American photographer (1929–1968)

Geraldine Sharpe (1929–1968), also known as Gerry Sharpe, was an American photographer. She had worked as an assistant to Ansel Adams. Sharpe's two major bodies of work include photographs of landscapes, and of Ghana (from 1962).

== Biography ==
Geraldine Sharpe was born in 1929 in Trenton, New Jersey. She attended the California School of Fine Arts (now San Francisco Art Institute), where she graduated in 1956. She studied under Pirkle Jones and Bill Quandt. While in school, her film camera was a Zeiss Ikon 120.

After graduation she worked as a photo assistant for Ansel Adams between 1957 until 1962. Many of her landscape photos were taken at the same locations as Adams, however her work had more dark tonal qualities and appeared "tragic" in subject and composition.

In 1962, she was awarded the Guggenheim Fellowship for photography, which was used to work in Ghana. In 1967, she helped co-found the Friends of Photography in Carmel, California.
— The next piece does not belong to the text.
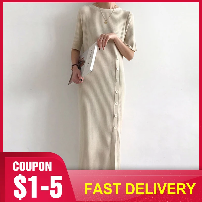 Летнее корейское вязаное платье-свитер, женское элегантное однотонное бежевое приталенное платье с рукавом до локтя, Ретро стиль, элегантный дизайн, минимализм

At the time of her death in 1968 she was the director of photography at the Francis du Pont Winterhur Museum (now Winterthur Museum, Garden and Library) in Delaware.

She died on December 29, 1968, in West Chester, Pennsylvania, after a short illness at the age of 39. Her work is part of the museum collection at the Monterey Museum of Art.